PDFs are indexed differently in CMOD than they are in Filenet. Filenet breaks PDF documents into bundles of pages, but the entire PDF document remains available to the end user. In Content Manager OnDemand, when a PDF is indexed, it is broken into individual documents, and the individual PDF file becomes multiple individual PDF files. There is no clear way to reverse this process in CMOD.
Ingesting the exported data
You'll want to make sure that during the export process that you consider the information you'll need to get the exported data into Content Manager OnDemand quickly and easily.
Provide report names
In order to get specific reports into OnDemand, you need to provide the name of an report (likely as an Application). Make life easier for yourself by including the name of the report in the file names you output.
Group reports in chronological order
Due to the way table segmentation works in OnDemand, you'll want to load the data in chronological order. When you name files, consider including a date field in YYYY-MM-DD format, so it can be sorted numerically at load time. This ensures that when the production server goes live, that end users will get speedy and fast database queries.
Use Expiration Type of "Load"
In Content Manager OnDemand, there are three options for expiring data loaded into Application Groups:
- examines each row of metadata to determine if it's eligible for expiration, and deletes individual rows from the database
- examines the arsload table to find loads in which ALL documents are eligible for expiration, and preforms an 'unload'
- examines each database table (also know as a "Segment") to determine if ALL the documents in the table are eligible, then it simply drops the database table.
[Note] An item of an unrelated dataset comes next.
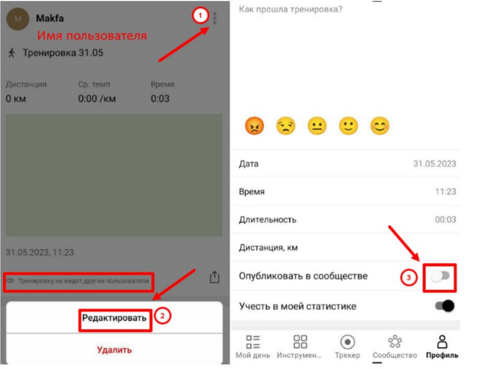 В трекере Simple Run, rогда потребуется, скопируйте или перепишите ваше имя из Профиля пользователя и предоставьте его, чтобы мы смогли найти ваш профиль. Если тренировка скрыта («Тренировку не видят другие пользователи»), то нажмите на три точки и «Редактировать», далее активируйте «Опубликовать в сообществе».

For historical migrations, using the 'Load' expiration types, minimizing the date range inside a single load file, and loading in chronological order will prevent issues with the deletion or disposition of data in the future.
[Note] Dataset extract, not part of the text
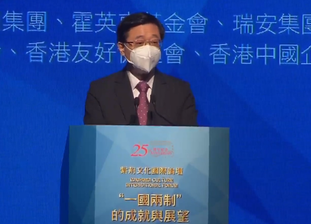 由紫荆文化集团主办的“紫荆文化国际论坛——‘一国两制’的成就与展望”今日(16日)举行。候任行政长官李家超出席并致辞。他表示,“一国两制”在过去25年来得以成功贯彻落实,未来香港在国家的支持下,将继续加强与国际的联系,提升作为国际城市的地位。 李家超提到,无其他事情比香港在2019年经历的骚乱及暴力,加上外国势力的干预所造成的伤害更痛苦。不过,他引述早前到北京接受任命时,国家主席习近平的一番话,指“一国两制”在过去25年即使面对挑战,但在香港仍然成功落实,而“一国两制”是受宪法及基本法保障,确保港人的自由及长期繁荣稳定,而香港已经由乱及治,正处于繁荣的关键阶段。

Name output files in AG.Date.App format
Write your report files with the following prefix: ApplicationGroup.DateFormat.Application
This will allow you to load by Application Group, Date, and Application easily when you sort the files. By having the date as your second 'field' in the file name, you make loading in Chronological order easy and straightforward.
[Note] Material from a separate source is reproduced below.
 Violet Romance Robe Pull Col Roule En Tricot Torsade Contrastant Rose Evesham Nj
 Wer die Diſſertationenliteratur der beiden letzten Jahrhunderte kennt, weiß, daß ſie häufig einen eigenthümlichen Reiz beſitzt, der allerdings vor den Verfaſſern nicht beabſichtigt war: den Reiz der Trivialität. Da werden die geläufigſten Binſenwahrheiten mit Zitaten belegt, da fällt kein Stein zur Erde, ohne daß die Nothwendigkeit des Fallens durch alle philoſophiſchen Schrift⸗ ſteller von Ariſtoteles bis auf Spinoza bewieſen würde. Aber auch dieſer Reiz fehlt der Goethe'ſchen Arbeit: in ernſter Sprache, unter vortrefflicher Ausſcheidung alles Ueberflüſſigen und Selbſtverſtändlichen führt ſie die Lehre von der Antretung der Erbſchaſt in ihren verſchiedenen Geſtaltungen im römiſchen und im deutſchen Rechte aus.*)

Concatenating reports together means fewer loads (and less overhead, as each load can represent up to 10k in metadata). It also means you'll get better compression for storage. Depending on the volume of data for a particular report, you may be able to group reports together by month -- and this also works perfectly with the point above, keeping groups of data with similar dates together inside database tables.
Produce output in manageable batches
When producing output, remember that you'll likely need to transfer this data between systems, possibly across the network, and onto different operating systems. There are limitations to different archiving and compression tools (32678 files for .zip archives, and 2GB file size limits for older versions of gzip and bzip2), and you don't want to lose too much time or effort if a file transfer is interrupted. It's best to produce managable, similarly-sized batches that you can use to develop Applications, test loads, and promote from your Development to Quality Assurance ("QA") and Production Servers.
Order of Operations
In order to find problems with reports as quickly as possible, follow these steps in order:
- Build a test / development Content Manager OnDemand Server
- Make sure you have some extra temporary storage space to queue up incoming report data
- Begin delivering duplicates of the report data to CMOD, in its original format.
- Make some test Application Groups and get some practise indexing these reports, and figuring out any strange or non-standard report types.
- Do you research -- everything under 'Initial Considerations'.
- Document your new structure - create new Application Groups, select the reports that will belong to them, and identify your sample data.